Путин задал ему резонный вопрос: а что такое авторское кино? И вот тут-то эти деятели чуть не передрались друг с другом в определении.
М.ХУЦИЕВ: Я готов задать тот же вопрос, что и Путин.
Дело в том, что, что такое авторское кино, на самом деле?
К.ЛАРИНА: Ну?
М.ХУЦИЕВ: Кино как искусство всё авторское. Понимаете? Потому что режиссёрское. Потому что во всём мире называют: фильм режиссёра такого-то.- Феллини, Кармена, Форда, и так далее. Потому что специфика постановки фильма – это режиссёр. Он, так сказать, строит картину. А сценарист – это всё необходимо.
К.ЛАРИНА: А продюсер?
М.ХУЦИЕВ: Продюсер, если он настоящий продюсер, он должен понимать роль режиссёра.
Другое дело там чисто коммерческое кино. Но я говорю о серьёзном кинематографе, понимаете? И вот, кстати, нам сегодня этого не хватает – кинематограф должен быть помощник общества. Сейчас всё время говорят слово «государство», но, чтобы не иметь в виду, что где это государство, давай там, я говорю о сути, о содержании. Вот чем отличалось советское кино? - Там была идеология. – Это всё понятно. Но оно работало на общество. Вы понимаете?
К.ЛАРИНА: Там, кстати, и на государство неплохо работало.
М.ХУЦИЕВ: И на общество.

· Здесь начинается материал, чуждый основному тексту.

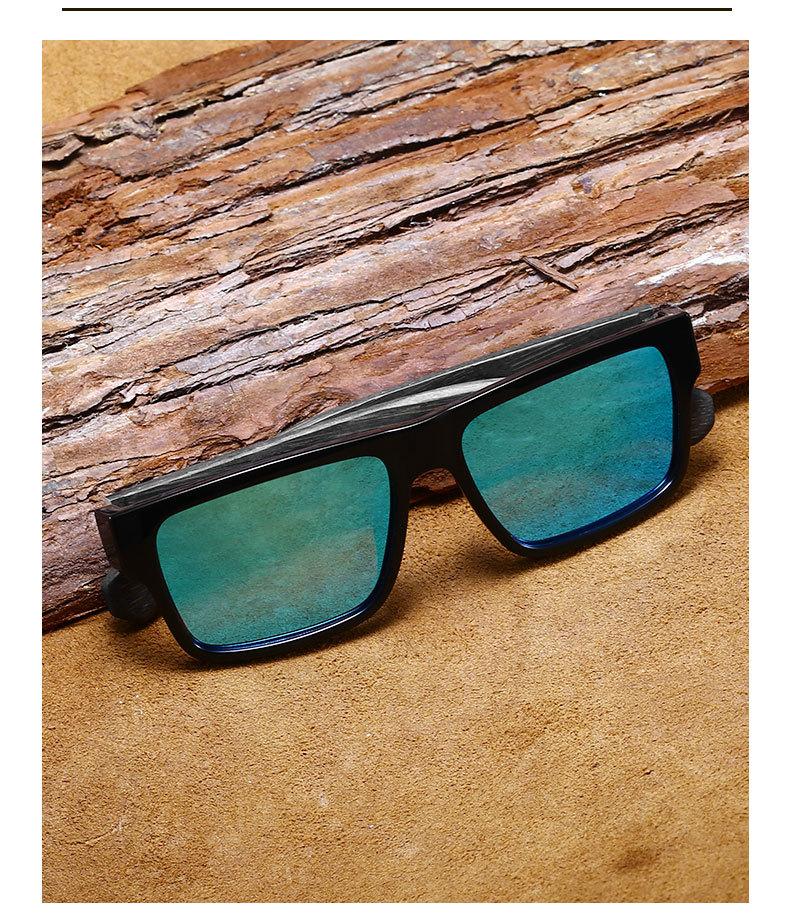 Bright Black Frame Ice Blue/Brushed Bamboo, Douhua whole Tea/zebra wood
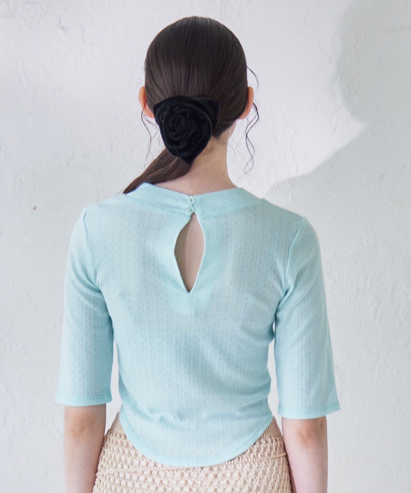 Rose embroidery eyelet short top【mint】125032

Но заметьте: народ любил кинематограф. Народ любил героя в кино. Это реплики с экрана, они шли в народ. И знаете, что сейчас, вот замечательная была картина. Она, правда, сериал, но всё равно, замечательно, блистательно исполненная роль.
К.ЛАРИНА: Какая?
М.ХУЦИЕВ: Сейчас скажу: Машкова, «Ликвидация». Ну, это картина маслом.
К.ЛАРИНА: В традициях хорошего советского кинематографа, качественного.
М.ХУЦИЕВ: Конечно. А раньше тексты, песни шли в народ. И что обидно? Что совершенно ушёл человек труда. Странно. Это я говорю со знанием дела, сам занимался этим.
К.ЛАРИНА: Да. Я понимаю Вас прекрасно. Но Вы знаете, эта тема, которая очень серьёзна, и об этом можно поговорить всерьёз.
М.ХУЦИЕВ: Об этом и надо говорить всерьёз.
К.ЛАРИНА: Реальность очень тяжёлая: у нас человек труда, если мы говорим в широком смысле этого слова, не предприниматель, ни олигарх, там, я не знаю, не рантье.
М.ХУЦИЕВ: Нет, рабочий!
К.ЛАРИНА: Рабочий, шахтёр.
М.ХУЦИЕВ: Шахтёр, человек, так сказать, земли.
К.ЛАРИНА: Но Вы же видите, в каком состоянии находятся эти люди? Значит, что мы снимаем в кино?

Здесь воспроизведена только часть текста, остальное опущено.